I built a bench the other day out of ash, with a 3" thick top, it's 30 inches wide with shelves on it. I left the wood bare, and i like the rustic look of the upfinished wood. I have a second one sawn out, i just haven't put it together yet.

Rob


----------



## deeker (Apr 22, 2011)

820, it looks great!!


----------



## deeker (Apr 22, 2011)

Sawyer Rob said:


> Looks pretty good, thanks for the picts...
> 
> I built a bench the other day out of ash, with a 3" thick top, it's 30 inches wide with shelves on it. I left the wood bare, and i like the rustic look of the upfinished wood. I have a second one sawn out, i just haven't put it together yet.
> 
> Rob


 
I only believe it when I see it.

Pics, or it did not happen......

Kevin


----------



## Sawyer Rob (Apr 22, 2011)

deeker said:


> I only believe it when I see it.
> 
> Pics, or it did not happen......
> 
> Kevin








The second one will go on the end of this one, so i can get more of my reloading "stuff" out.

Rob


----------



## deeker (Apr 22, 2011)

Sawyer Rob said:


> The second one will go on the end of this one, so i can get more of my reloading "stuff" out.
> 
> Rob


 
Now, about that bullet swaging info.......


----------



## sachsmo (Apr 22, 2011)

Now I do like me a big old slab O' wood!


----------



## 820wards (Apr 22, 2011)

Sawyer Rob said:


> The second one will go on the end of this one, so i can get more of my reloading "stuff" out.
> 
> Rob


 
Thanks everyone, we were just playing with the mini-mill and this bench top is what happened.

Rob,
Like your reloading bench. Before I ever got into this milling craze I had a butcher block reloading bench made some place in Arkansan. It's two inches thick and does not dance around even when I'm sizing big mag cases. One of my buddies wants to build a reloading bench at his place in the hills, so I'm going to send him a picture of your bench. Thanks for posting the picture. I just got in the house from making a case block for my brother that will hold thirty rounds for his 378 WBY. I made it from a piece of heart redwood and poplar. Holes needed to be deeper because the cases are so long. 

jerry-


----------



## 820wards (Apr 22, 2011)

tomsteve said:


> now that is sweet. what ya gonna topcoat it with?


 
We put linseed oil on the bench top.

jerry-


----------



## 820wards (Apr 22, 2011)

willbarryrec said:


> Nice work boss!
> 
> That will make a very studly workbench. What is it about 24ish" ?
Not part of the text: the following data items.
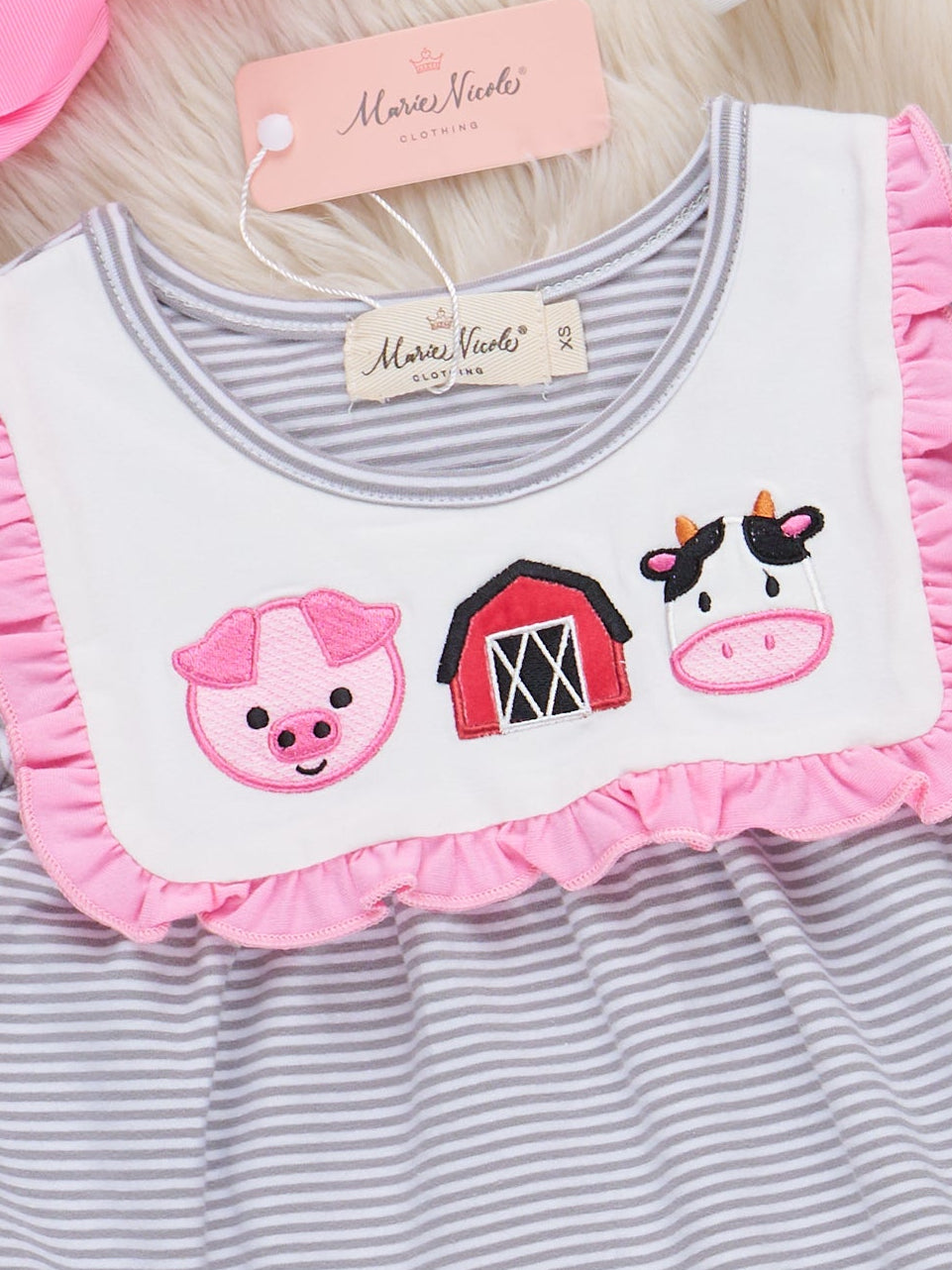 The Country Critters Embroidered Dress by Marie Nicole features a long-sleeved silhouette with gently gathered cuffs, a ruffled bib, and playful embroidered animal friends across the front. Its soft details and sweet design bring a touch of country charm to everyday adventures.
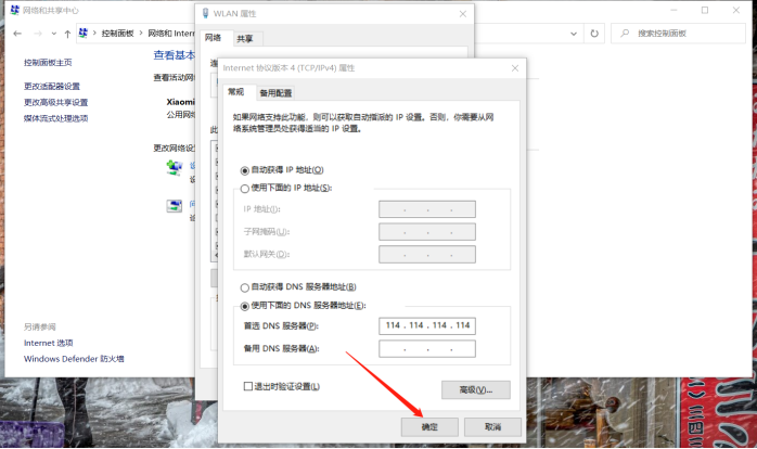 4. 点击最下方的dns,可以将dns改为114.114.114.114或者202.106.0.20
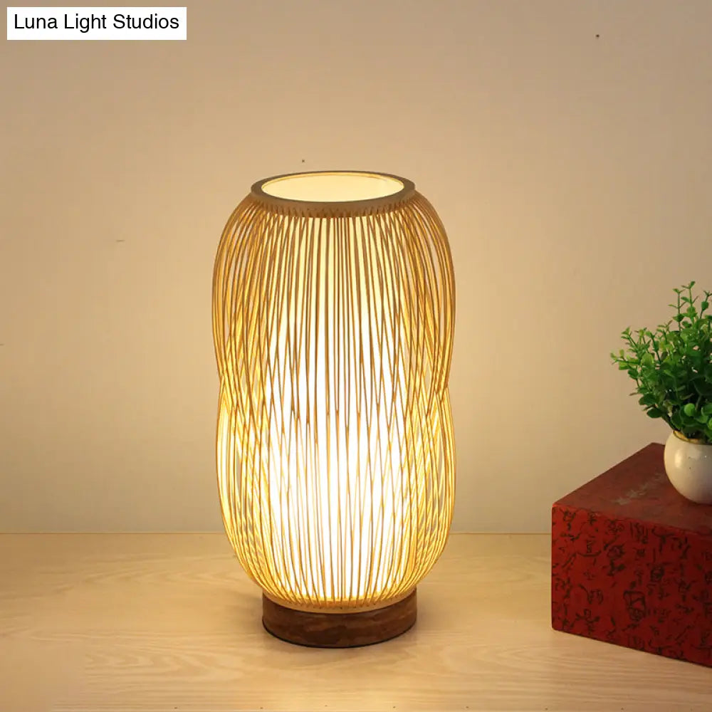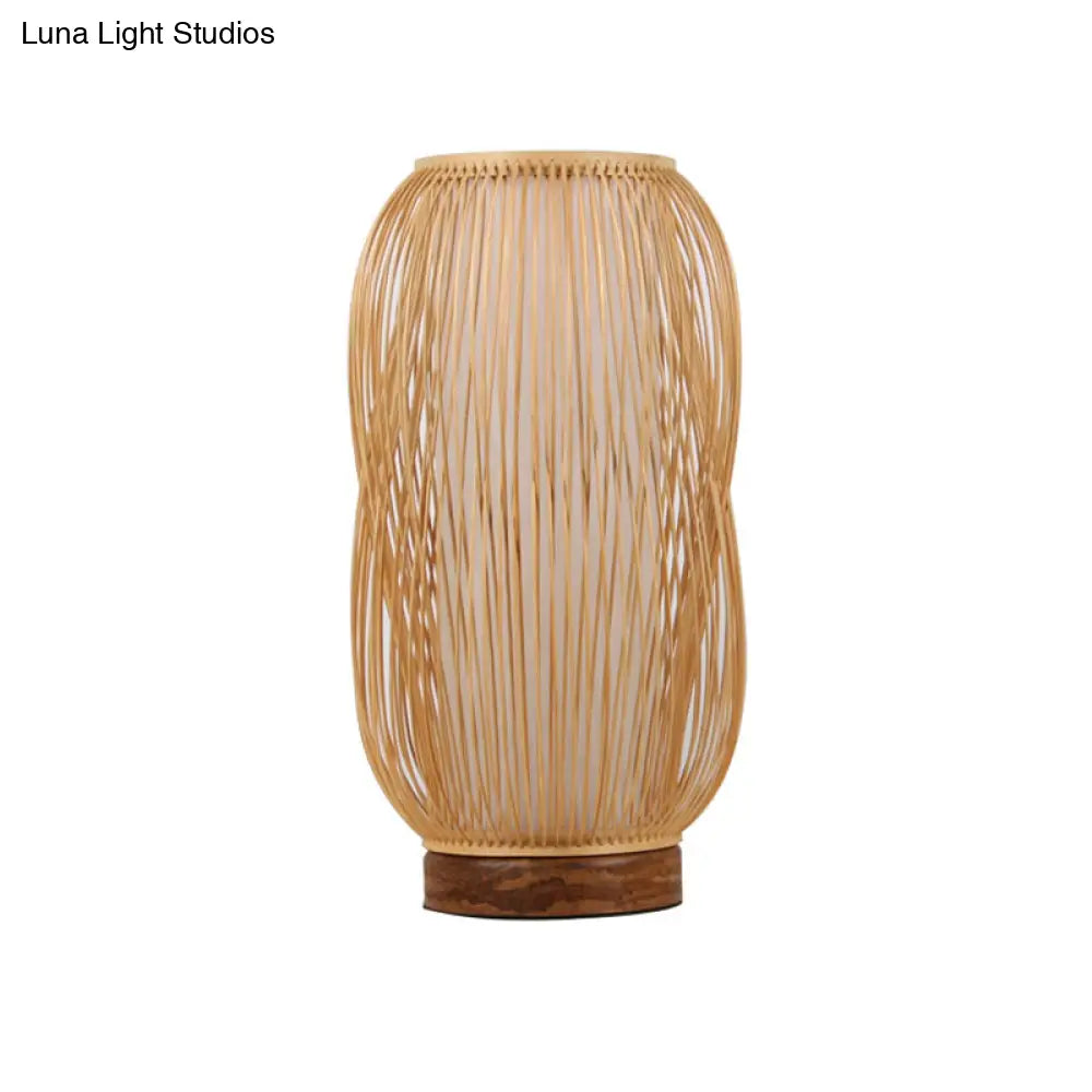 Lámpara de escritorio cilíndrica de bambú - Base de madera, 1 bombilla

** We cut it right at 24" wide.



> I also really like your Mini mill....You wouldn't want to make me one would you?




** Hadn't really though of building them for people, but if someone wants one I would consider making them one. Send me a pm if you really want one and I'll figure out what I would need charge.



> Looking forward to pic's from the Blue Oak milling! (hint hint)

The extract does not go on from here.